Many have wished to know (as future readers may) the nature of the morning draught, or where it could be obtained, but believing it would have been highly imprudent on my part to have presumed that what was proper for my constitution was applicable to all indiscriminately, I could only refer them to a medical adviser for any aid beyond the dietary; assuring them, however, it was not a dram but of an alkaline character.

Some, I believe, would willingly submit to even a violent remedy, so that an immediate benefit could be produced; this is not the object of the treatment, as it cannot but be dangerous, in my humble opinion, to reduce a disease of this nature suddenly; they are probably then too prone to despair of success, and consider it as unalterably connected with their constitution. Many under this feeling doubtless return to their former habits, encouraged so to act by the ill-judged advice of friends, who, I am persuaded (from the correspondence I have had on this most interesting subject) become unthinking accomplices in the destruction of those whom they regard and esteem.

The question of four meals a-day, and the night cap, has been abundantly and amusingly criticized. I ought perhaps to have stated as an excuse for such liberality of diet, that I breakfast between eight and nine o’clock, dine between one and two, take my slight tea meal between five and six, sup at nine, and only take the night cap when inclination directs. My object in naming it at all was, that, as a part of a whole system, it should be known, and to show it is not forbidden to those who are advised that they need such a luxury; nor was it injurious in my case. Some have inquired whether smoking was prohibited. It was not.

It has also been remarked that such a dietary as mine was too good and expensive for a poor man, and that I had wholly lost sight of that class; but a very poor corpulent man is not so frequently met with, inasmuch as the poor cannot afford the simple inexpensive means for creating fat; but when the tendency does exist in that class, I have no doubt it can be remedied by abstinence from the forbidden articles, and a moderate indulgence in such cheap stimulants as may be recommended by a medical adviser, whom they have ample chances of consulting gratuitously.

I have a very strong feeling that gout (another terrible parasite upon humanity) might be greatly relieved, if not cured entirely, by this proper natural dietary, and sincerely hope some person so afflicted may be induced to practice the harmless plan for three months (as I certainly would if the case were my own) to prove it; but not without advice.

My impression from the experiments I have tried on myself of late is, that saccharine matter is the great moving cause of fatty corpulence. I know that it produces in my individual case increased weight and a large amount of flatulence, and believe, that not only sugar, but all elements tending to create saccharine matter in the process of digestion, should be avoided. I apprehend it will be found in bread, butter, milk, beer, port wine, and champagne; I have not found starchy matter so troublesome as the saccharine, which, I think, largely increases acidity as well as fat, but, with ordinary care and observation, people will soon find what food rests easiest in the stomach, and avoid that which does not, during the probationary trial of the proposed dietary. Vegetables and ripe or stewed fruit I have found ample aperients. Failing this, medical advice should be sought.

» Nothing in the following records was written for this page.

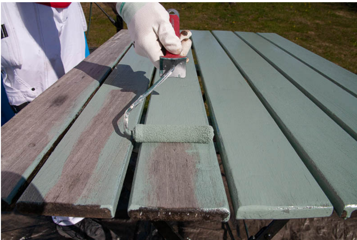
FØRSTE STRØK: Her males bordplaten med Quick Bengalack Universal på spann, i fargen "Core".
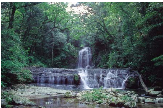
わにかが県立自然公園

自然公園における利用施設の整備については環境省直轄事業、自然環境整備交付金事業、県費単独事業、市町村に対する県費補助事業等の制度があり、国・県・市町村により執行されています。
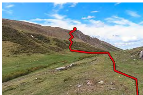
Xugu La Bola y ruta a la cima del Michu

En este punto ya tendremos vista de la cima de Pena Michu. Sólo tenemos que recorrer en diagonal rumbo Noroeste (senda) para acercarnos al vértice cimero (una hora desde la cima de Pena Negra). Si tenemos ganas, podemos acercarnos a la cota Sur, algo menos alta, para mirar al valle bajo nosotros y de paso hacernos una idea de la ruta que seguiremos para volver al pueblo.
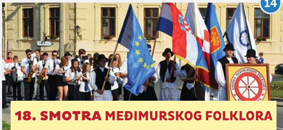
18. SMOTRA MEĐIMURSKOG FOLKLORA
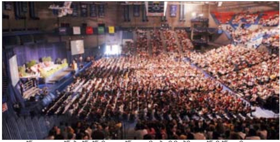
ཡལ་ལོ་ལྷོ་བས་མགོན་ཆེན་པོ་མཚོག་གིས་དབུ་བྱས་པའི་སྤྱི་བཟོ་འཛིན་བཞག་གཞིན་ནས་སྤྲོ་ལེན་ཞུ་བཞིན་པ།

ཆེབས་སྐྱུར་གནང་སྟེ་མའོ་ཙེ་ཏུར་སོགས་གསར་བཞེ་ པ་ཀན་གསར་དང་འབྲེལ་མོལ་བྱུང་བའི་གནས་ཚུལ། ལྷོ་ལོ་ ༡༩༧༩ ལོར་བོད་ས་ཡོངས་ཚོགས་ཀྱི་གཞུང་ རས་དྲུག་པོའི་དབང་སྐྱུར་བྱས་ཤིང་གི་གནས་ཚུལ། ལྷོ་ལོ་ ༡༩༧༡ ལོ་ནས་ད་ལྟའི་བར་ཡལ་ལོ་ལྷོ་བས་མཚོག་ རས་པོད་ཀྱི་བར་གཉིས་སྤོང་འགྲིགས་ཆགས་ཡོང་ ཐབས་སུ་དགོངས་བཞེས་དང་འབད་ཐབས་གནང་བའི་ སྐོར། གཉིས་སྤོང་དབུ་མའི་ཐབས་ལམ་ལ་བརྟེན་ རས་འབྱུང་འགྱུར་གཉིས་ཡན་མཉམ་གནས་ཀྱི་མངོན་
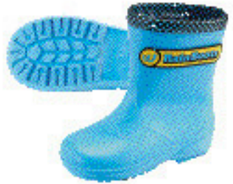
아동장화 / 211300149
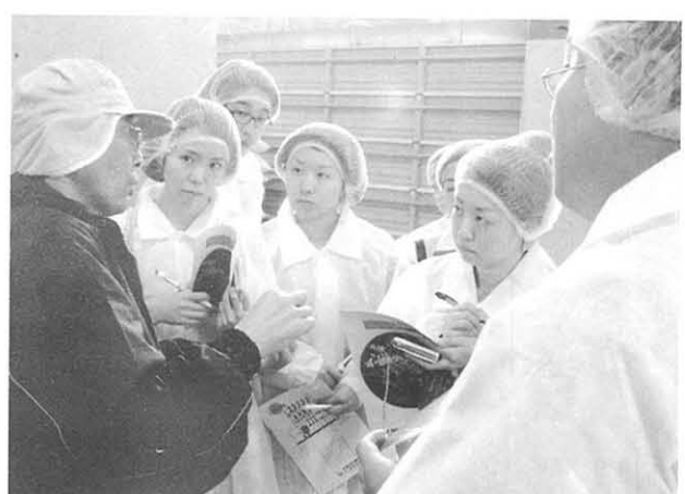
ユニマツトキャラバン(株)横浜工場 横浜市金沢区幸浦2-17-4
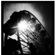
Santa Monica California - USA
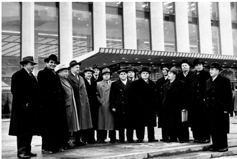
Делегаты XXII съезда КПСС от Свердловской областной партийной организации. Москва, Кремлевский Дворец съездов. 1961 г.
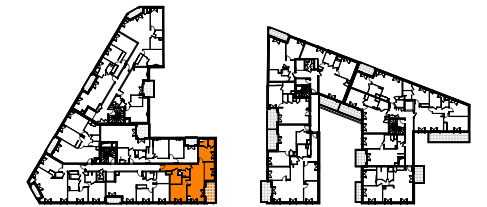
TABLEAU DES SURFACES (compris placards)
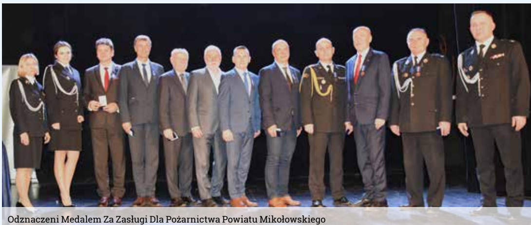
Odznaczeni Medalem Za Zasługi Dla Pożarnictwa Powiatu Mikołowskiego
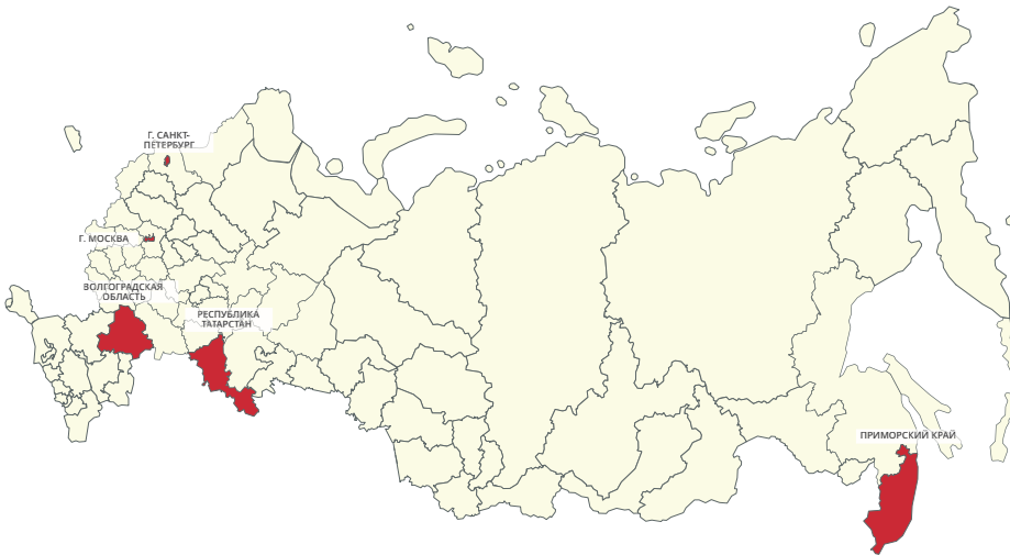
Динамика показателей передачи СО НКО услуг населению в сфере молодежной политики

The word “parasite” has been much commented upon, as inappropriate to any but a living creeping thing (of course I use the word in a figurative sense, as a burden to the flesh), but if fat is not an insidious creeping enemy, I do not know what is. I should have equally applied the word to gout, rheumatism, dropsy, and many other diseases.

Whereas hitherto the appeals to me to know the name of my medical adviser have been very numerous, I may say hundreds, which I have gladly answered, though forming no small item of the expense incurred, and whereas the very extensive circulation expected of the third edition is likely to lead to some thousands of similar applications, I feel bound in self-defence, to state that the medical gentleman to whom I am so deeply indebted is Mr. Harvey, Soho Square, London, whom I consulted for deafness. In the first and second editions, I thought that to give his name would appear like a puff, which I know he abhors; indeed, I should prefer not to do so now, but cannot in justice to myself, incur further probable expense (which I fancy inevitable) besides the personal trouble, for which I cannot afford time, and, therefore, feel no hesitation to refer to him as my guarantee for the truth of the pamphlet.

One material point I should be glad to impress on my corpulent readers—it is, to get accurately weighed at starting upon the fresh system, and continue to do so weekly or monthly, for the change will be so truly palpable by this course of examination, that it will arm them with perfect confidence in the merit and ultimate success of the plan. I deeply regret not having secured a photographic portrait of my original figure in 1862, to place in juxta position with one of my present form. It might have amused some, but certainly would have been very convincing to others, and astonishing to all that such an effect should have been so readily and speedily produced by the simple natural cause of exchanging a meagre for a generous dietary under proper advice.

I shall ever esteem it a great favor if persons relieved and cured, as I have been, will kindly let me know of it; the information will be truly gratifying to my mind. That the system is a great success, I have not a shadow of doubt from the numerous reports sent with thanks by strangers as well as from friends from all parts of the kingdom; and I am truly thankful to have been the humble instrument of disseminating the blessing and experience I have attained through able counsel and natural causes by proper perseverance.